Aside from how impressed I am with the Duffer Brothers’ ability to captivate the attention of millions of people including me with their extremely well thought-through and detailed pilot using techniques in such high quantities that I can not include them all in this response, another aspect of the pilot of Stranger Things, “The Vanishing of Will Byers” is the extremely well-thought-through, detailed and imaginative setting of the show – teleporting you to the early ‘80s. The creators of the show have thrown in hundreds of minor details throughout the episode, such as clothing and architecture, colours, cars, music accurate to the era, all adult characters having a cigarette between their lips at all times, along with other staples from the ‘80s such as comics and walkie-talkies, used to emphasise the setting, making me truly feel that I have been sucked into another decade.

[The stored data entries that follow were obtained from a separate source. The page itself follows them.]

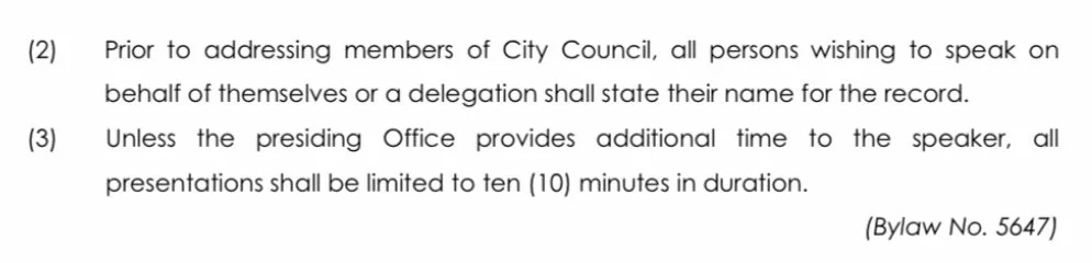 Excerpt from Bylaw #5176 allowing presenters m/presentations 10 minutes to address Council
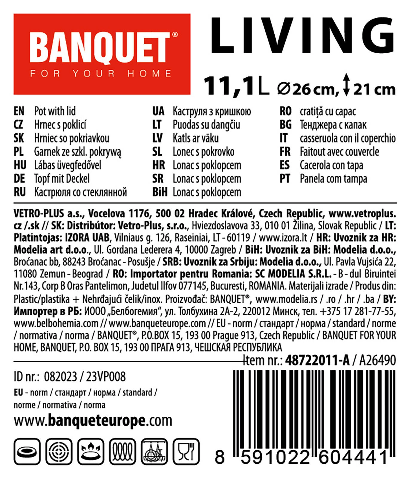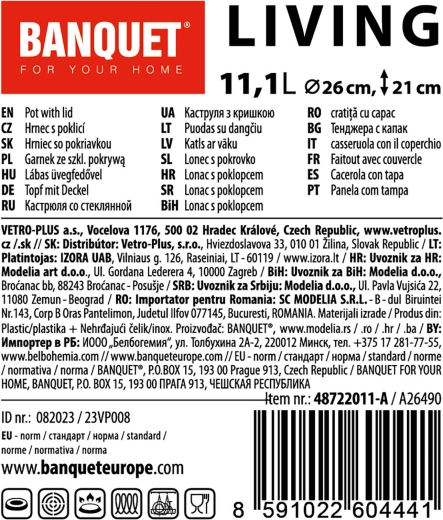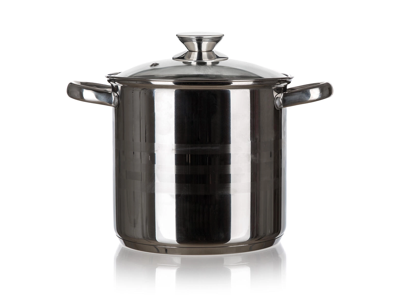 Faitout LIVING pratique et durable de 11,1 l avec couvercle en verre, idéal pour cuisiner des soupes, des sauces et de plus grandes portions. Il offre une conception de qualité en acier inoxydable, une utilisation universelle sur tous les types de plaques, y compris l’induction et des poignées en inox confortables. La surface brillante avec des bandes mates élégantes apporte un look moderne à votre cuisine.
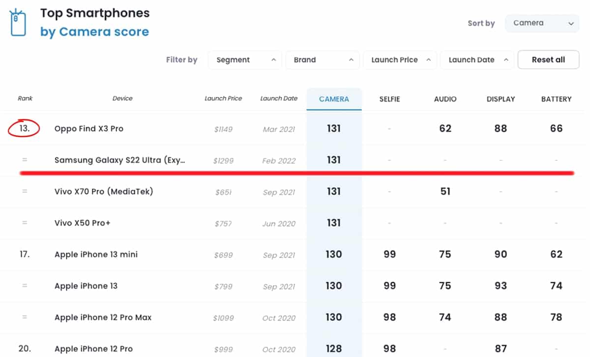 เมื่อเทียบกับคู่แข่งอย่าง iPhone 13 Pro Max ที่ได้คะแนนรวม 137 คะแนน แต่พบว่า Galaxy S22 Ultra มีบางจุดที่ทำได้ดีกว่า เช่น เรื่องการซูม เป็นต้น
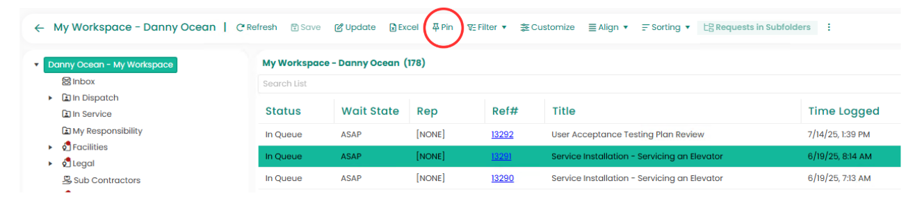 Requests can be pinned and unpinned from this listing, or also by clicking on a request from the Workspace listing, and selecting the pin option in the My Workspace toolbar.If an item is Pinned, and subsequently Unpinned, then it will be placed at the top of the Unpinned items listing.
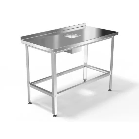 Стол для сбора отходов с бортом серия Стандарт, 600х600х850, подложка ЛДСП 16 мм, столешница: нерж. сталь марки AISI 430, толщина 0,8 мм, каркас разборный, оцинкованный уголок 1,5 мм, обвязка с 3-х сторон, отверстие d=200 мм.
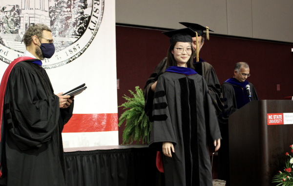 About 150 undergraduate and graduate students, along with friends and families, gathered in the McKimmon Center on Friday, May 6, for the Spring 2022 Commencement Ceremony. Alumnus and CCEE Advisory Board member Dan Pleasant (BSCE 1972, MCE 1973) delivered the baccalaureate address, speaking on the importance of leadership built on the ability to effectively communicate, think creatively and follow one’s passions.
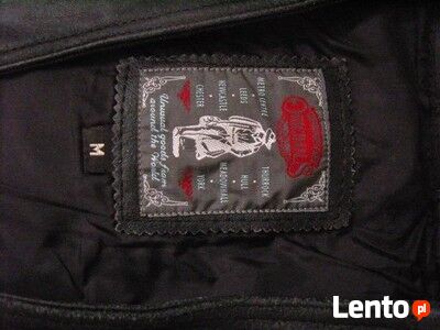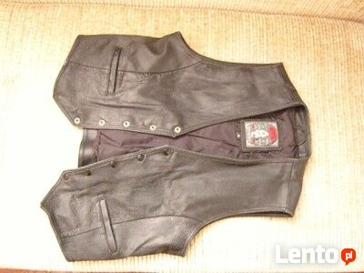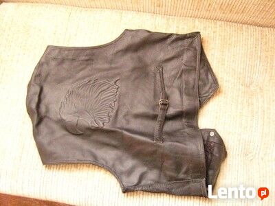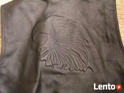 Skórzana kamizelka motocyklowa lub hardrockowa z wytłoczonym na plecach orłem, ze skóry bydlęcej twardej, ciężkiej, ze znanej firmy (patrz foto), używana, kompletna, rozmiar M, można obejrzeć i przymierzyć w Warszawie. Najchętniej odbiór osobisty. Sprzedaż prywatna ze względów osobistych.Adam

Overall, my first impression of the television programme Stranger Things created by the Duffer brothers was the pilot of the show “The Vanishing of Will Byers” – an episode that fully gripped my attention and interest due to the detailed setting and the perfect amount of insight into the developing plot, leaving me also investigating what happened to Will through the clues that the creators of the show provide, and without any doubt forcing me to watch the next episode, resulting in me binge-watching the entire show in one night.